From Hollywood headlines to flight test facilities, society’s image of AI veers between wonder and fear. Much of the public’s unease with AI in aviation revolves around predictability. How can you trust a system that “learns? Within aviation’s disciplined culture, the outlook is deliberate and determined. “We design bounded systems,” Ryan reminded the audience. “They behave within controlled parameters. The myth that AI will suddenly misbehave ignores how we actually engineer.”

In truth, machine learning  in aviation is less about autonomy than assurance. It’s about making sure predictive maintenance actually predicts, that pilot monitoring truly monitors, that visual detection never misses what a human might overlook. These are life-critical, quantifiable improvements. And in certified aircraft, the “learning” in ML stops long before installation. From Joby’s autonomous air taxi trials to Collins’ embedded optimization engines and uAvionix’s DAA systems, the pathways may differ, but the strategy is the same: start small, validate safely and grow trust through data.

“The phrase ‘deterministic AI’ sounds contradictory, but that’s exactly what we’re doing,” said Ford. “Once the model is trained and verified, it’s frozen. Same input, same output every time.” He continued, “Everybody wants new features on aircraft, but they also want them certified. The only way to deliver both is by showing our work, completely, transparently, and repeatedly.” [and with a well defined goal that we agree with the FAA on reaching.]

Durand added that the question of determinism is as much about architecture as algorithms. “Machine learning modules must operate within guardrails: hardware and software layers that detect and isolate faults. If the model fails, the aircraft knows it, alerts the pilot, and falls back to a safe mode. That’s what earns trust.”

Machine learning’s promise in aviation will hinge on its certifiers as much as its coders. “The challenge isn’t proving performance. It’s proving predictability,” Ryan said. “That’s exactly what certification exists to do.”

What’s ahead of the leading edge? What’s next? Looking ahead, both the FAA and EASA are developing new levels of guidance for AI assurance. EASA’s “Level 3” guidance, expected soon, will address moving from human-supervised automation to genuinely independent functions. Meanwhile, FAA’s performance-based certification framework is experimenting with real-world partnerships, what Ryan described as “crawl, walk, fly.”

Durand sees a potential future where pre-trained models can be periodically updated, improving safety without full recertification. “There’s a sweet spot between static and self-learning systems,” he said. “But regulators and industry need to define that mechanism together. Updating safely is the next big question.”

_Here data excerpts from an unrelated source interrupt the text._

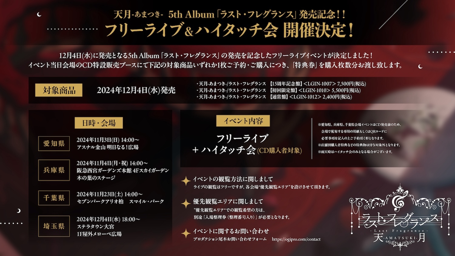 12月4日(水)に発売となる天月-あまつき- 5th Album『ラスト・フレグランス』の発売を記念したフリーライブ&ハイタッチ会の開催が決定した。
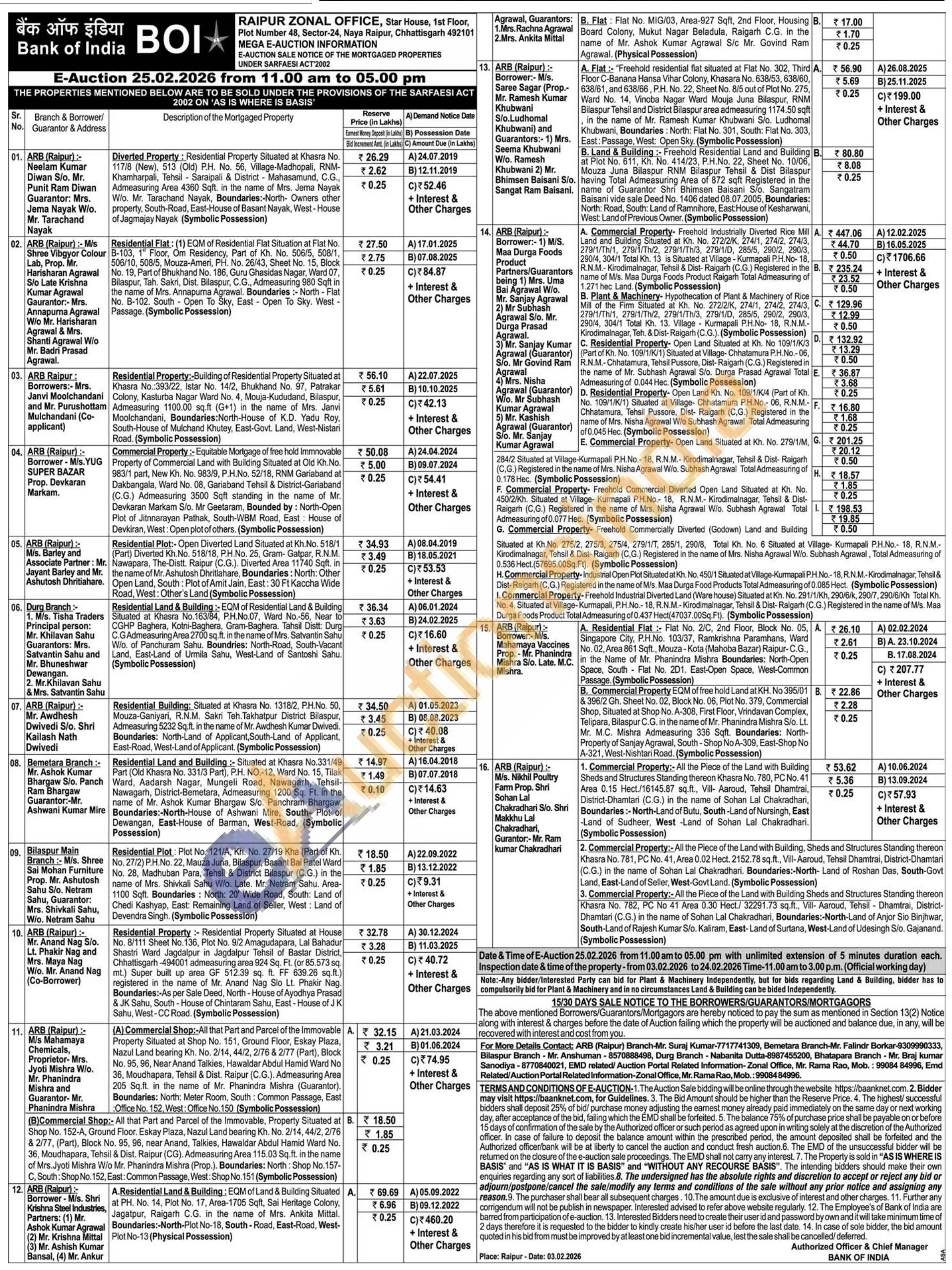 B. Commercial Property EQM of free hold Land at KH. No 395/01 B. & 396/2 Gh. Sheet No. 02, Block No. 06, Plot No. 379, Commercial Shop, Situated at Shop No. A-308, First Floor, Vrindavan Complex, Telipara, Bilaspur C.G. in the name of Mr. Phanindra Mishra S/o. Lt. Mr. M.C. Mishra Admeasuring 336 Sqft. Boundaries: North-Property of Sanjay Agrawal, South - Shop No A-309, East-Shop No A-321, West-Nishtari Road. (Symbolic Possession)
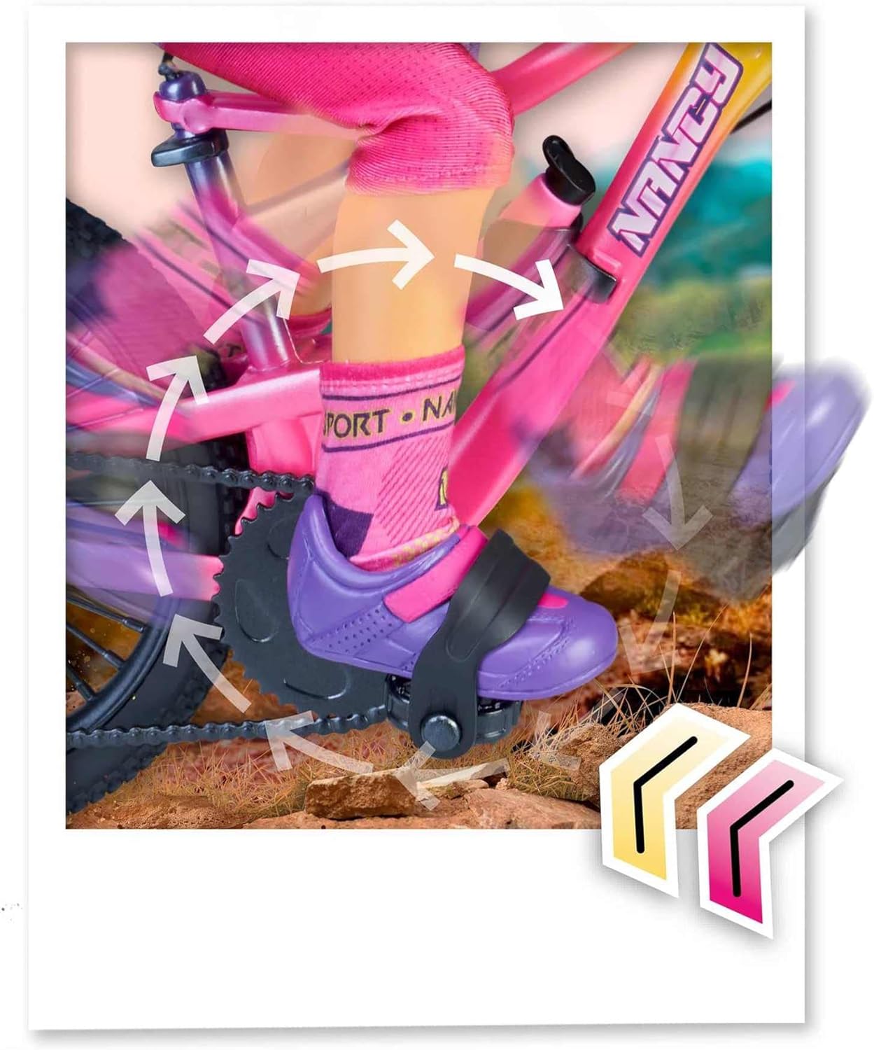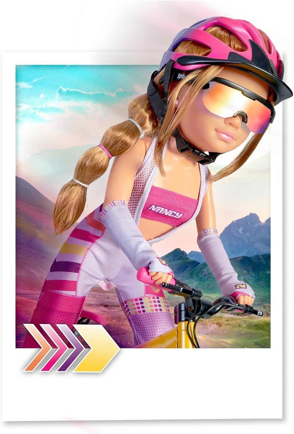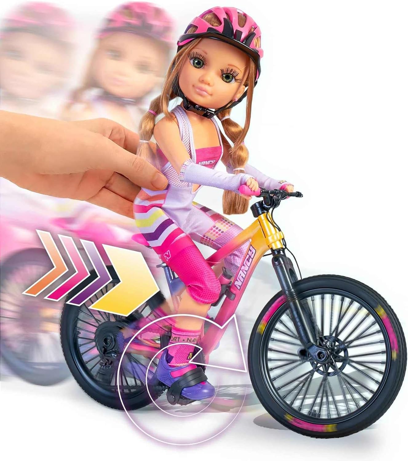 NANCY A Mountain Bike Day is the new articulated doll ready for sport. NANCY is ready to start a new outdoor sport! So get ready to be carried away by imagination as NANCY rides her ultra pro mountain bike. Place NANCY in the seat of her bike (the doll is articulated so she can sit) slide her feet onto the pedals, push her and see how well she can ride. She has also chosen the latest trends in mountain bike accessories to prepare her first outing, such as her blue cycling shoes, her eye-catching sunglasses, pink and blue helmet and her pink water bottle to prevent dehydration.
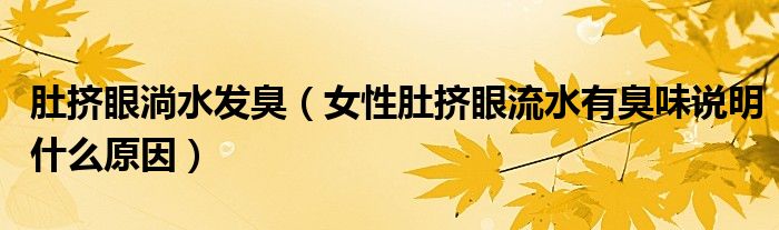 大家好,linda来为大家解答以上的问题。肚挤眼淌水发臭,女性肚挤眼流水有臭味说明什么原因很多人还不知道,现在让我们一起来看看吧!
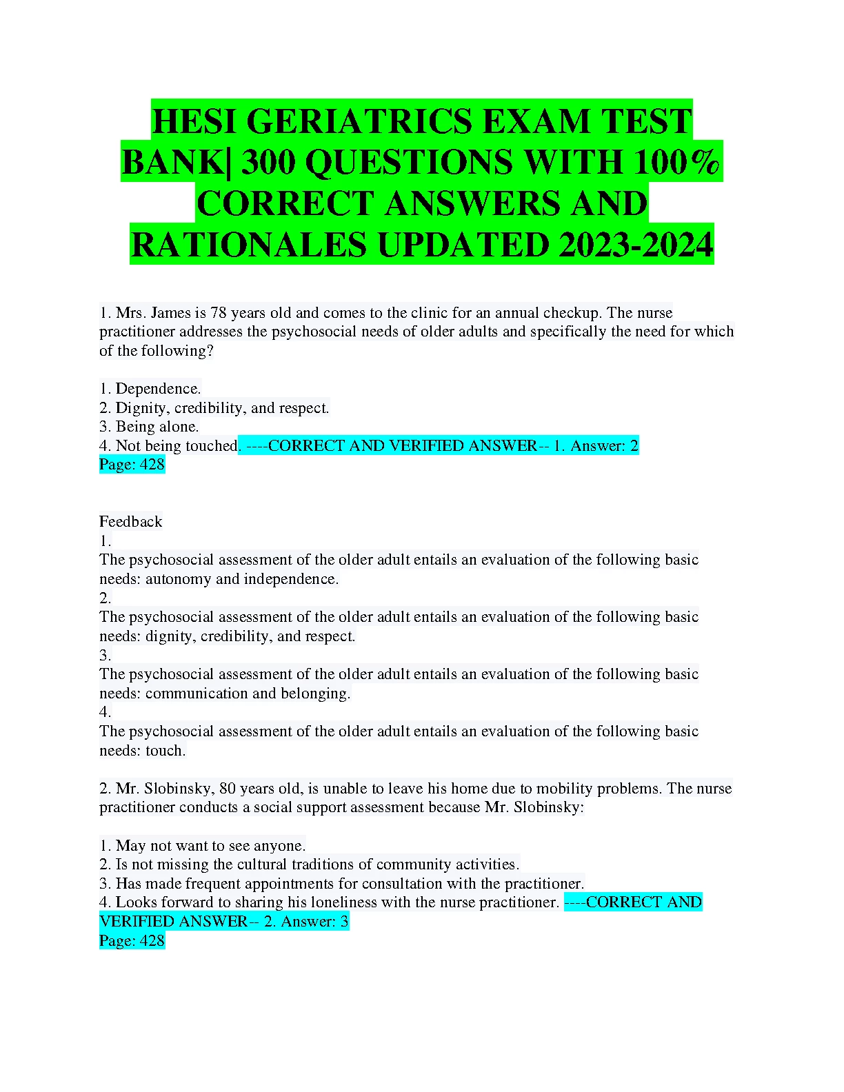 HESI GERIATRICS EXAM TEST BANK 300 QUESTIONS WITH 100% CORRECT ANSWERS AND RATIONALES UPDATED 2024. HESI GERIATRICS EXAM TEST BANK 300 QUESTIONS WITH 100% CORRECT ANSWERS AND RATIONALES UPDATED 2024 TEST BANK

As the session closed, Ryan paused to thank his panelists and the engineers in the room still wary of diving into this uncharted regulatory territory. “Every major step in aviation—glass cockpits, fly-by-wire, gps navigation—faced uncertainty until someone certified the first version,” he said. “Machine learning is just the next step in that lineage.”

The collective message was clear: certification isn’t  stopping AI implementation. It’s the path to implementing it safely into the service. And as business aviation once again takes the lead proving what’s possible. On the horizon, meticulous, mathematical progress will  replace hype and fear.